A cast iron iron weighing 2 kg and a copper pot weighing 0.5 kg are placed on a stove with a temperature of 200 degrees. Which of these bodies heats up faster? Why? Which of them needs less heat for this? How many times?

t = 200 “C.

mу = 2 kg.

mk = 0.5 kg.

Cch = 540 J / kg * “C.

Cm = 400 J / kg * “C.

Qу / Qк -?

To heat the iron from the temperature t0 to the temperature t, the amount of heat Qу is required, which is determined by the formula: Qу = Cч * mу * (t – t0), where Cч is the specific heat capacity of cast iron, mу is the weight of the iron.

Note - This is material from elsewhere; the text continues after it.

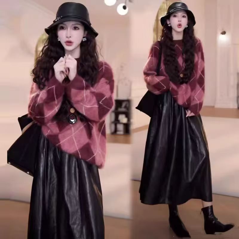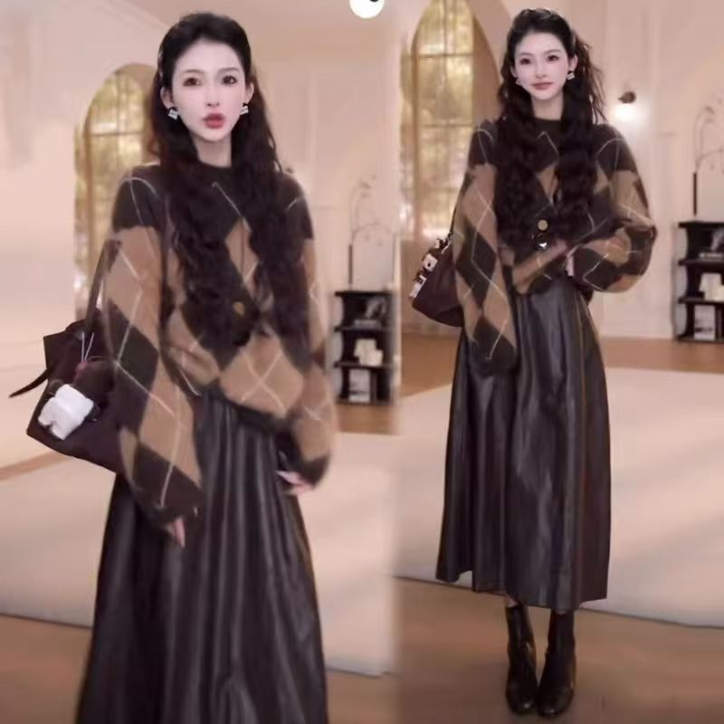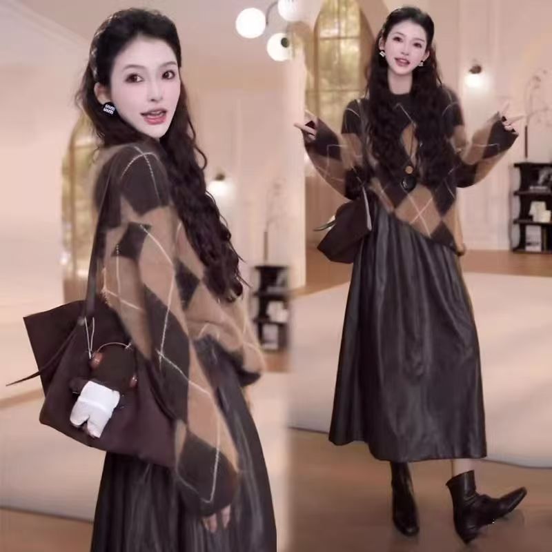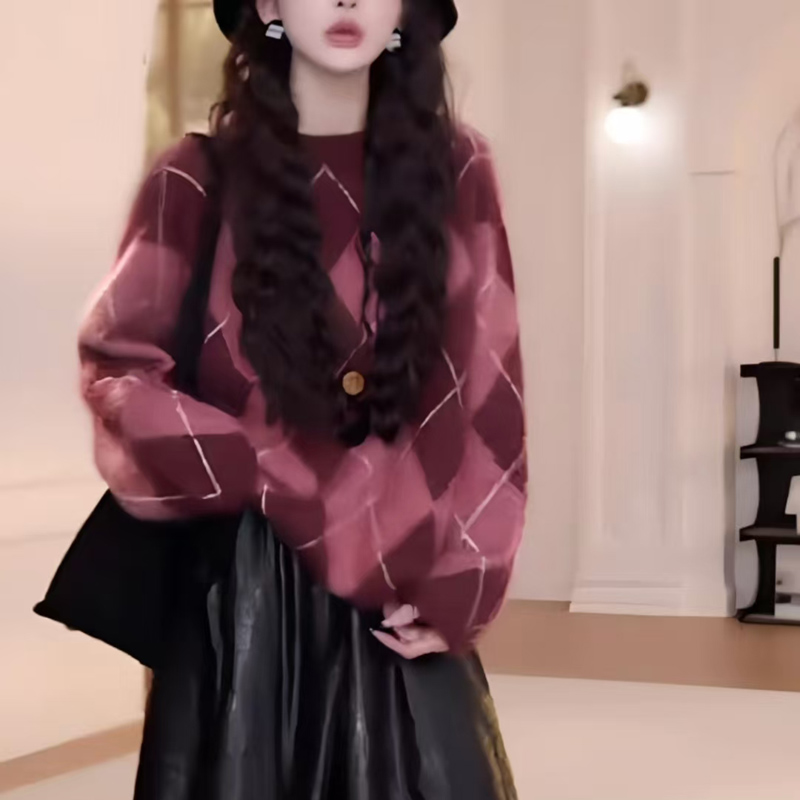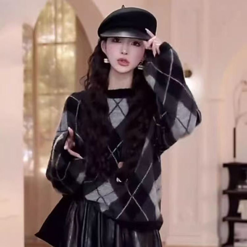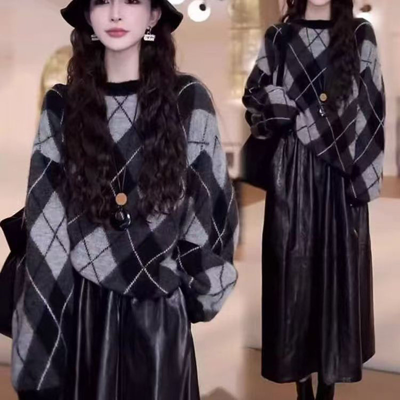 YF6951-(2色入内)秋冬复古格子撞色软糯舒适设计宽松大码显瘦慵懒风针织毛衣

Qу = 540 J / kg * “C * 2 kg * (t – t0) = 1080 J /” C * (t – t0).

To heat the pot from temperature t0 to temperature t, the amount of heat Qk is required, which is determined by the formula: Qk = Cm * mk * (t – t0), where Cm is the specific heat capacity of copper, mk is the mass of the pot.

Qk = 400 J / kg * “C * 0.5 kg * (t – t0) = 200 J /” C * (t – t0).

Since (t – t0) is the same for the iron and the bowler hat, then Qу> Qк.

The pot will heat up faster than the iron because the pot needs less heat to heat up than the iron.

Qу / Qк = 1080 J / “C * (t – t0) / 200 J /” C * (t – t0) = 5.4.

Answer: The pot will heat up faster than the iron. Qу / Qк = 5.4.